Yankees' Juan Soto celebrates his solo home run during the...

Yankees' Juan Soto celebrates his solo home run during the first inning of a baseball game against the Los Angeles Angels, Tuesday, May 28, 2024, in Anaheim, Calif. Credit: AP/Ryan Sun

ANAHEIM, Calif. — Scott Boras’ annual get-togethers with reporters — at the November general managers’ meetings and at December’s winter meetings — are performance art.

The agent to the stars (of baseball) stands in front of a horde of media members and delivers (mostly prepared and compiled in-season by his Boras Corp. employees) verbal gems that tread primarily in dad-joke waters, yet, more often than not, are still hilarious. All coming rapid-fire in the advocacy of whichever of his clients is on the market that year.

These are the gatherings where Boras characterized teams planning to cut payroll as “not living in the gated community of Playoffville” (2017); used “Harper’s Bazaar” at the start of Bryce Harper’s free agency in 2018; and this from 2022 while discussing the market for Brandon Nimmo: “There are a lot of teams in the free-agent market that are in the waters for centerfield and whoever Pixar’s guy is will be the lucky one to finding Nimmo.”

The Wilpon-era Mets were a frequent target. At the 2011 winter meetings, Boras said of the at-the-time financially troubled Dodgers and Mets: “Normally, they’re in the steaks section, and I found them in the fruits-and-nuts category a lot.”

One year later, the Mets had upgraded to the “freezer section.”

But Boras occasionally tests his material in front of a smaller audience.

That was the case Tuesday when Boras, standing in the dugout suite he’s had for years at Angel Stadium, was approached by three news outlets, including Newsday.

The topic, naturally, was Juan Soto and Hal Steinbrenner’s recent comments to the YES Network’s Jack Curry regarding his plan to engage Boras in-season on extension talks and making the outfielder “a Yankee for life.”

Boras, who had a four-hour dinner with Soto Monday night, smiled, a colorful filibuster at the ready.

“When you represent players . . . I call ‘centurions,’ where you can say that they will be among the top 100 players to ever play this game, when you represent a centurion, you don’t worry about the cost of them to a franchise because they increase the franchise value of the team,” Boras said. “Therefore, the only cost you’re worrying about is what it costs to build the monument.”

Boras, whose clients rarely sign extensions and forgo free agency, would not say specifically if he and Steinbrenner — with whom the agent said he has “a really good relationship” — had started talks in earnest.

“Hal and I talk a good bit,” Boras said. “We talked a lot about Juan’s comfort level being here . . . a lot about who wants history.
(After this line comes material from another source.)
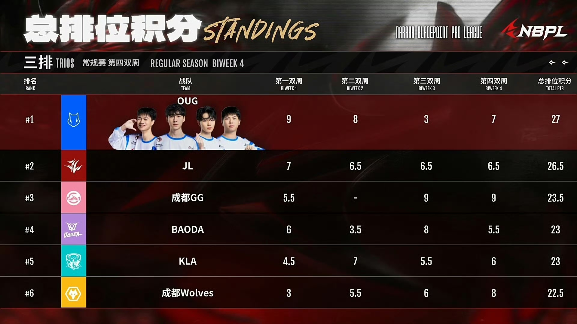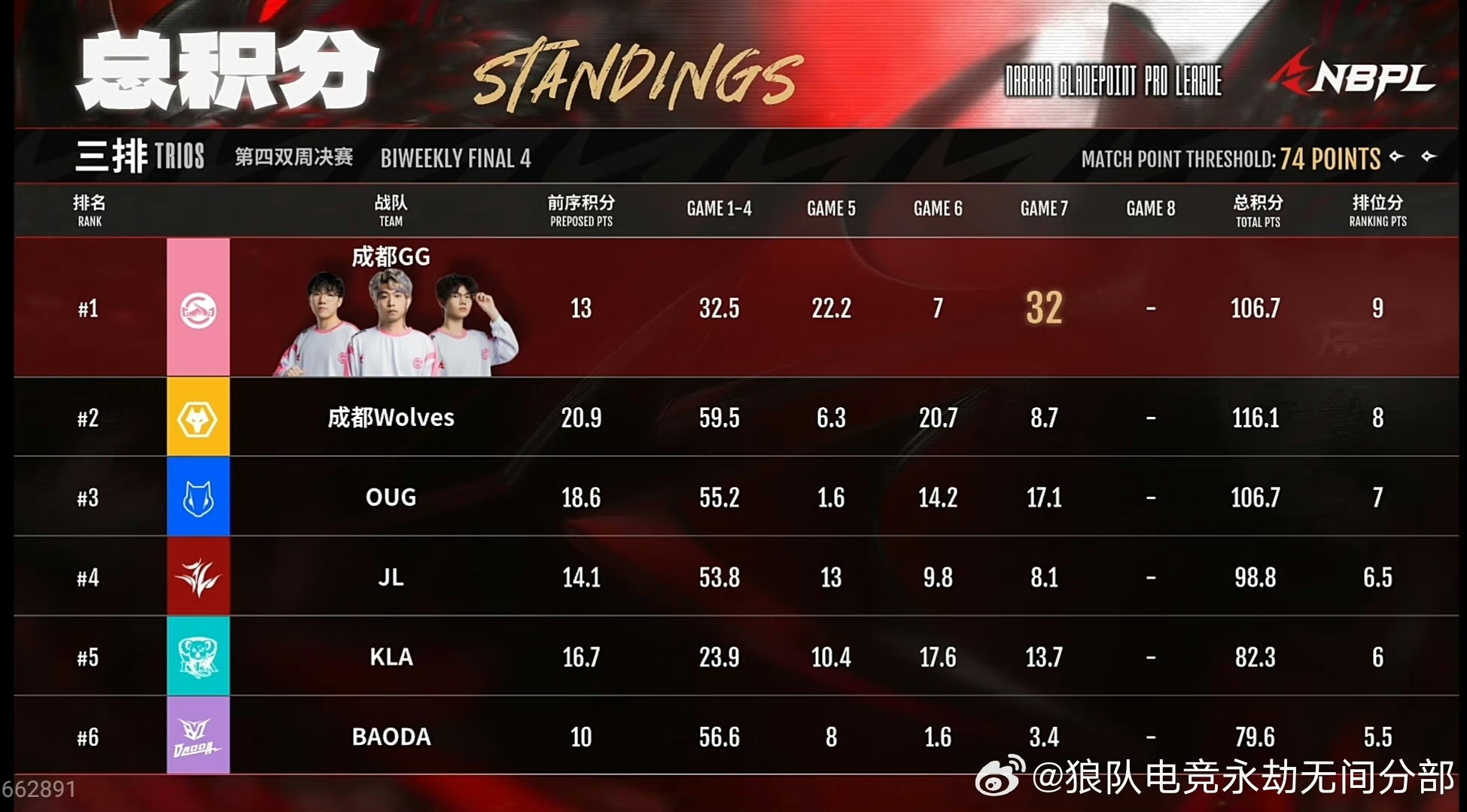 5月19日,三排周决赛,狼队以总积分116.1排名第2。常规赛总排位积分第6,直通春季赛总决赛,恭喜我们狼狼!

We’ve had a number of conversations about Juan.”

At last week’s owners’ meetings in Manhattan, Steinbrenner said continuing with the $300 million-plus payroll he’s carrying this season is “simply not sustainable for us financially.”
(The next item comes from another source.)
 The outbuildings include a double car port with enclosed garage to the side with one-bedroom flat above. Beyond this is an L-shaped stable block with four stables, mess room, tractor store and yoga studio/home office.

The Yankees have quite a few dollars coming off the books after the season but, regardless, that is not Boras’ concern.

“I understand that any owner should be responsible, and any owner should do good business,” he said. “But when you have a chance to pursue a centurion, you’re only going to have that happen maybe, at best, if you own the team for 40, 50 years, you may have a chance to do that maybe three or four times, that’s about it.”

Which isn’t to say Soto isn’t enjoying his time with the Yankees and isn’t potentially interested in staying. It’s just not at the forefront of his mind.

“I think Juan’s focus, and always a focus of a player, is that when you’re on a team that’s doing what the Yankees are doing . . . we don’t talk about contract matters,” Boras said. “Because this guy already has a ring on his finger, and he has a feeling he can get another one.”

Boras returned several times to his word of the day.

“I don’t think centurions for any team are what you would consider a cost to a team because it’s a franchise appreciation addition,” he said.

“So whatever your franchise is worth, a centurion on your team would thereby make the team worth millions more. We just don’t get, in a 100-year period, how many of these players do we get that we can say are 25 years old, that played in the big leagues at 19 and are world champions and are on their way to set numerous records in their performance?

“And how many of them do we have that you can say have a free-agent right and yet have that valuation and potential for any major-league franchise? So I’m back to my point. The decision about those types of players is really about where you’re building the monument.”